_Task description_: Your answer must be the full listing below, restated word for word, with no pictures in it.

═════ Data provided ═════

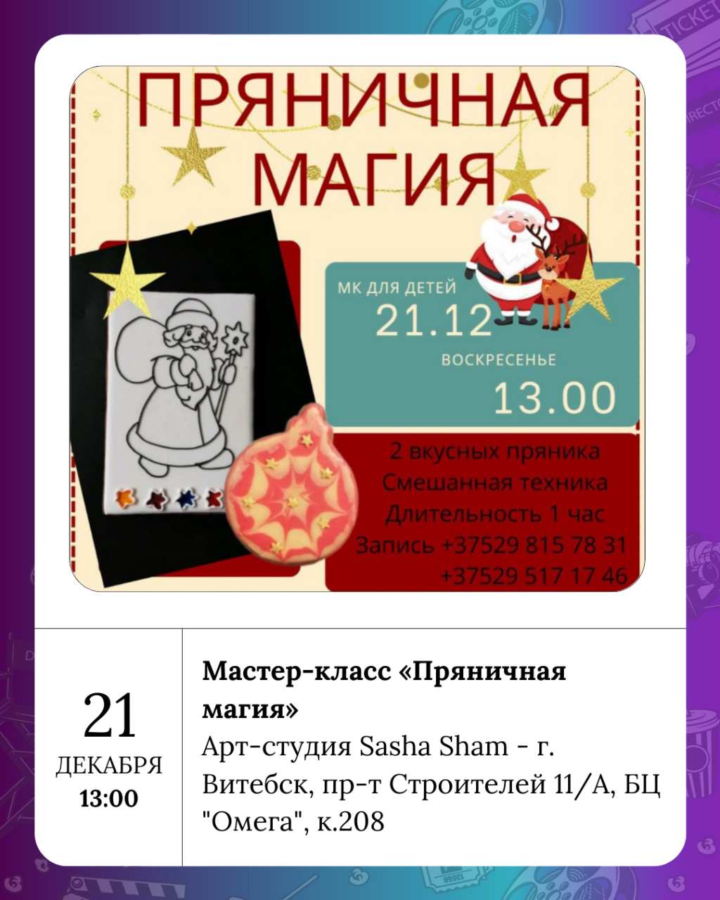 Пусть эти дни подарят вам вдохновение и ощущение приближающегося волшебства. Витебск умеет удивлять — концерты, выставки, уютные встречи и огни на улицах создают настроение, которое хочется сохранить до боя курантов. Хороших вам выходных и яркой подготовки к Новому году!
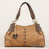 Роскошная женская сумка из натуральной кожи. Три отделения, два боковых на магнитной кнопке и основное отделение застегивается на молнию, внутри один кармашек застегивается на молнию, подкладка - текстиль, ручки средней длины позволяют носить сумку на плече, дно формованное. Цвет фурнитуры - золотой.
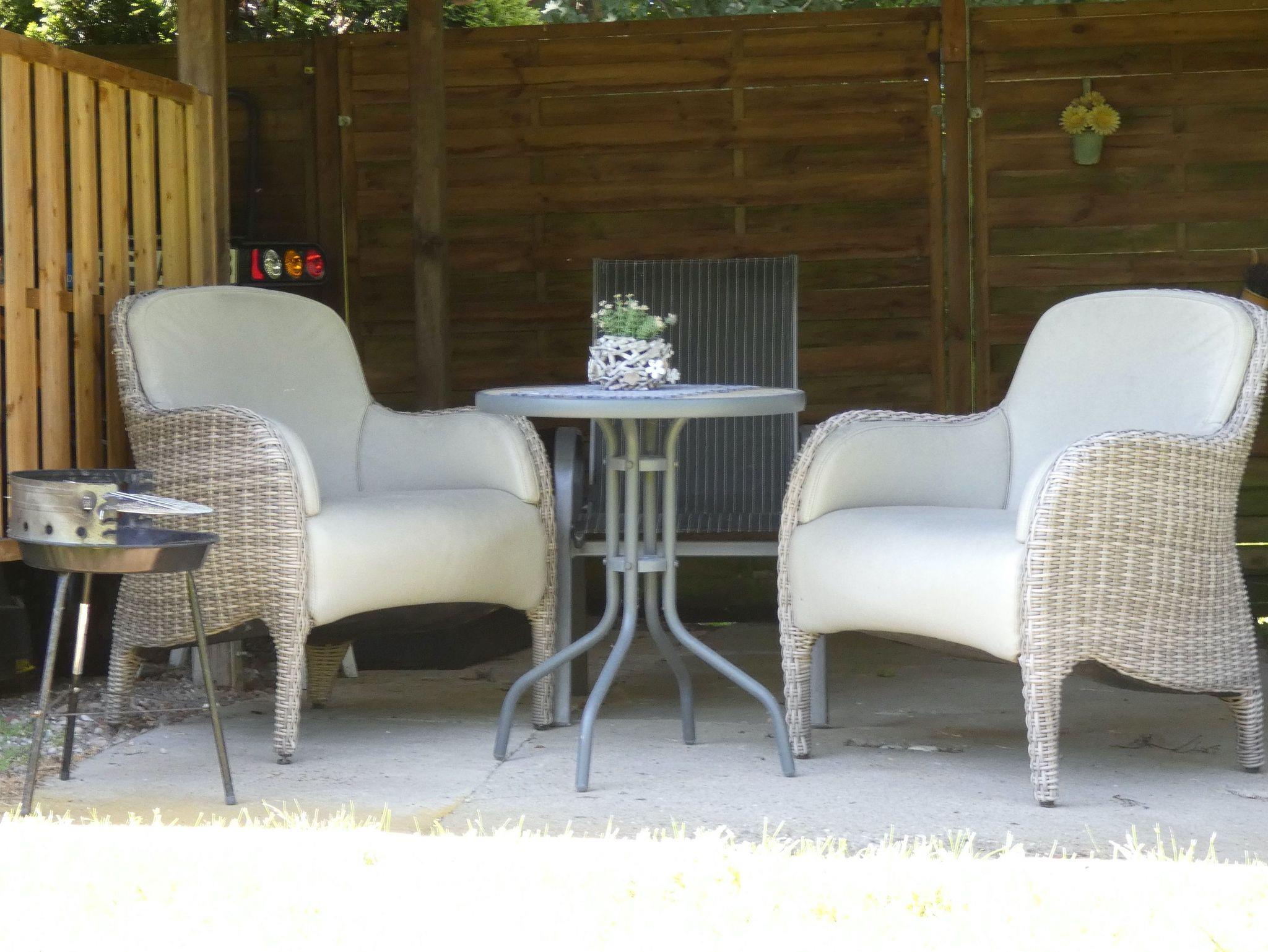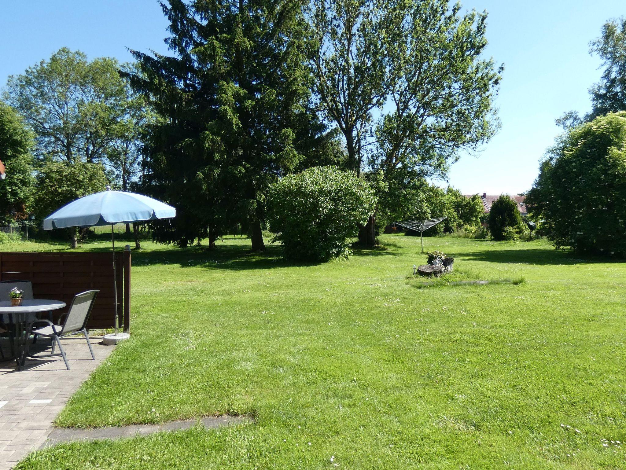 Zur Ferienwohnung gehören eine Terrasse mit Gartenmöbeln sowie ein großer Garten mit Liegewiese.

═════

_Solved problem_:
 Пусть эти дни подарят вам вдохновение и ощущение приближающегося волшебства. Витебск умеет удивлять — концерты, выставки, уютные встречи и огни на улицах создают настроение, которое хочется сохранить до боя курантов. Хороших вам выходных и яркой подготовки к Новому году!
 Роскошная женская сумка из натуральной кожи. Три отделения, два боковых на магнитной кнопке и основное отделение застегивается на молнию, внутри один кармашек застегивается на молнию, подкладка - текстиль, ручки средней длины позволяют носить сумку на плече, дно формованное. Цвет фурнитуры - золотой.
 Zur Ferienwohnung gehören eine Terrasse mit Gartenmöbeln sowie ein großer Garten mit Liegewiese.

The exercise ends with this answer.